1951 yılında Isparta’nın Senirkent ilçesinin Büyükkabaca Köyü’ne karakol komutanı olarak atanır. O günlerde Bediüzzaman da Çam Dağı’nı mesken tutmuş, civardaki köy ve kasabalarda gönül kazanma derdine düşmüş, gelene geçene Rabbini anlatmaktadır. Büyükkabaca Köyü de uğrak yerlerindendir. Süleyman gönüller sultanı Üstadın adını ilk kez burada işitir.
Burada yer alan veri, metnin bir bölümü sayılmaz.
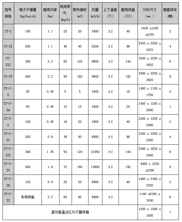 本产品经过几次升级换代,达到了国内外^。它是利用蒸汽或电为热源,用轴流风机与热交换器以对流的方式加热空气。热空气流经烘盘与物料进行热传递。新鲜空气从进风口进入烘箱进行补充,再从排湿口排出,不断的补充新鲜空气与不断的排出湿热空气,这样来保持烘箱内适当的相对湿度。本烘箱^大的特点是大部分热风在箱内进行循环从而增加了传热,节约了能源。使烘箱的热效率从传统烘房的3%~8%提高到目前的35%~50%左右,它是利用强制通风的作用,减少上下温差。我厂出厂的烘箱,均设有分风装置,用户可在使用前进行风叶调节,使上下温差处于^佳状态。

Süleyman’ın ruhunda Hz. Süleyman ve Kanunî Sultan Süleyman vardır. O günlerde kara listede olan Üstadın Büyükkabaca Köyü ziyaretlerine göz yumar. Süleyman göz yumar da, Senirkent kaymakamı, savcısı ve bölük komutanı yummazlar. Kısa sürede hemen her memur Üstadın Büyükkabaca’ya sık sık geldiğini öğrenir. Köydeki iftiracılar da boş durmaz. Süleyman’ın Bediüzzaman’a karşı hoşgörülü tavrını merkeze iletirler. Bir gün telefonu çalar. Arayan bölük komutanıdır.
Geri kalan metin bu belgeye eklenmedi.